In America as well as the rest of the world, crime and violence are getting less, not more, frequent, Mr. Easterbrook points out. Homicide rates have plummeted since their post-World War II high in 1993, while “the frequency and intensity of combat have gone down worldwide.” And despite worries about rising authoritarianism, the dictators aren’t winning. In the 1980s dictators ravaged countries on nearly every continent; today, the Kim family’s lock on North Korea stands out as an aberration.

Easterbrook’s aim in this important book is to prove that life is more auspicious than most people believe, to show why life did not deteriorate as predicted, to identify what we’ve been doing right so we can do more of it, and consider what we can do about the still pressing problems we face, most notably the “impossible” challenges of inequality and climate change, along with others that social commentators kvetch about: marriage, social security, health care, artificial intelligence, poverty, nuclear weapons, and others, all soluble if we make the effort. Easterbrook reminds us that while it is easy to see (and remember) bad things that happen, it is impossible to see what hasn’t happened (as predicted in previous decades): resources are not exhausted, there are no runaway plagues, Western nations are not choking on pollution, the economy keeps functioning, crime and war are not getting worse, and dictators (what few are left) are not winning.

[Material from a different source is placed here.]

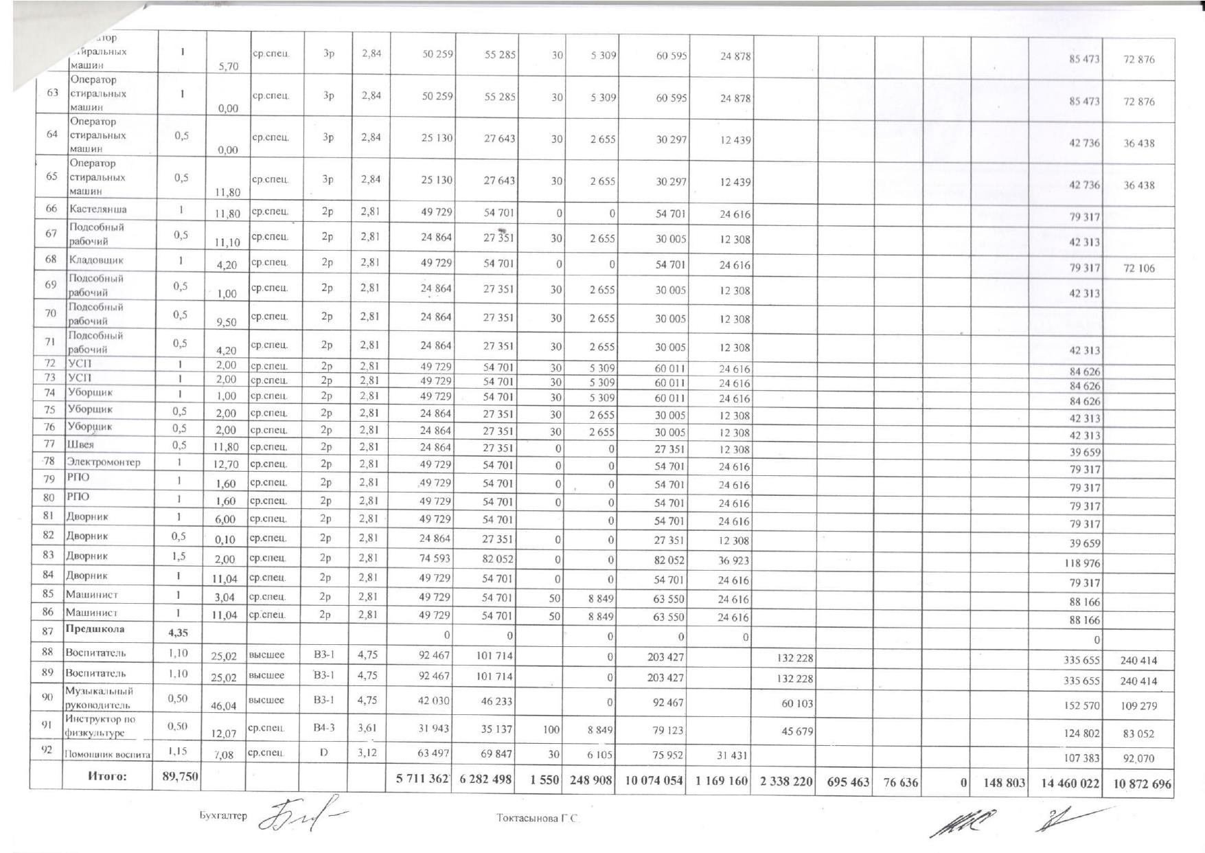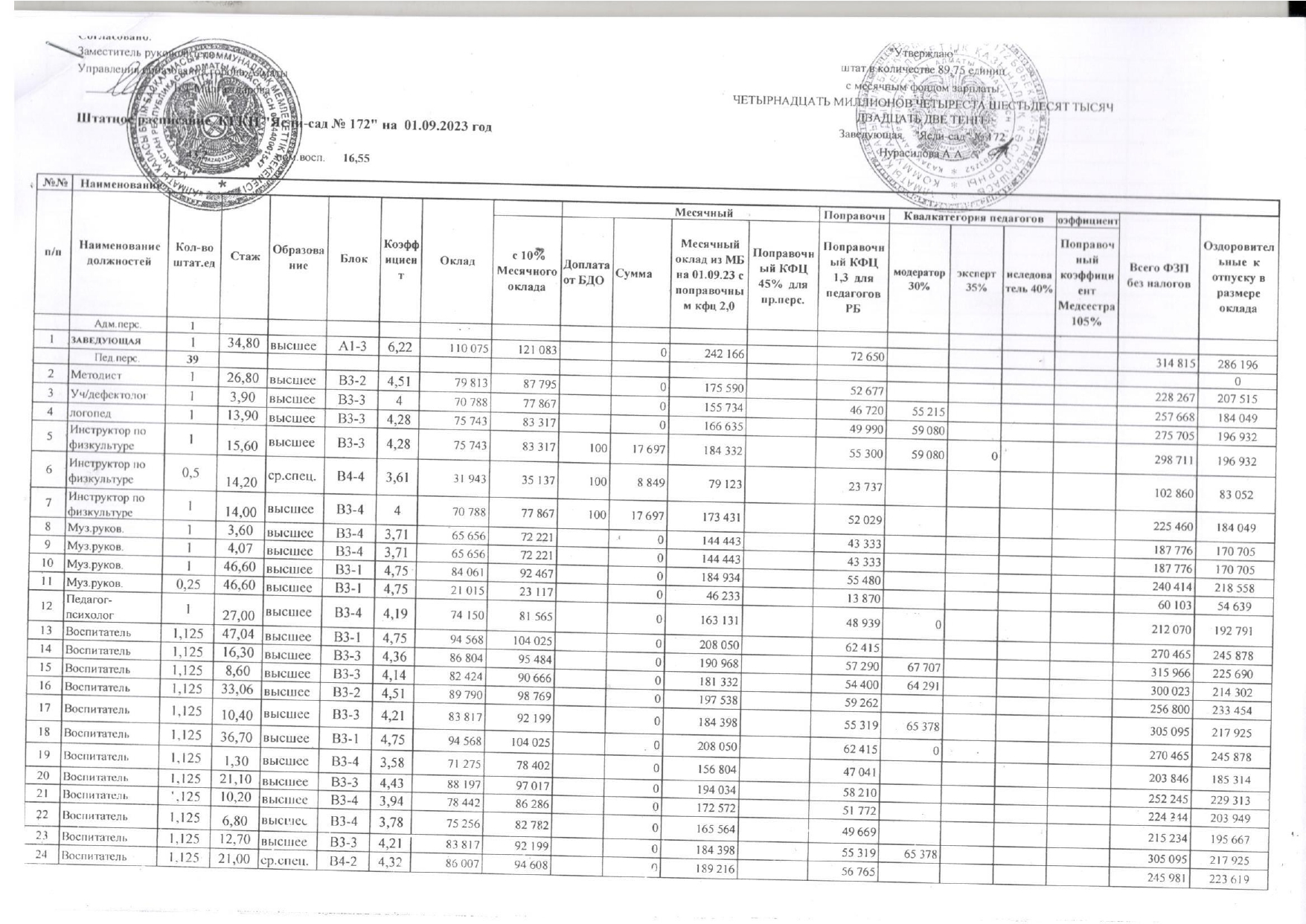 Штатное расписания 2023г » ГККП "Ясли сад №172"

The cause of this salubrious turn of events in human history was the result of human action and problem solving, not historical tides on which we helplessly ride. “History is not deterministic, teleological, or controlled in any manner,” Easterbrook concludes. Instead, each of the many areas of progress that he documents were the result of individuals and organizations—both private and public—deciding to solve particular problems, as President Franklin Roosevelt prophesized in 1938 when the world was much darker than it is today: “We observe a world of great opportunities disguised as insoluble problems.” It is a fitting quote Easterbrook notes with some irony, since it was early 20th century progressives who were the optimists who envisioned an America the Beautiful in which “alabaster cities gleam undimmed by human tears.” Today’s progressives take an opposite tack of gloomy pessimism, matched by the Right’s nostalgia for the “Good Ole Days”—you know, when life was Hobbesian nasty, brutish, and short. Easterbrook wants to make optimism intellectually respectable again, and he has done so with cogent arguments and bountiful numbers, showing that “history has an arrow, and the arrow of history points forever upward.”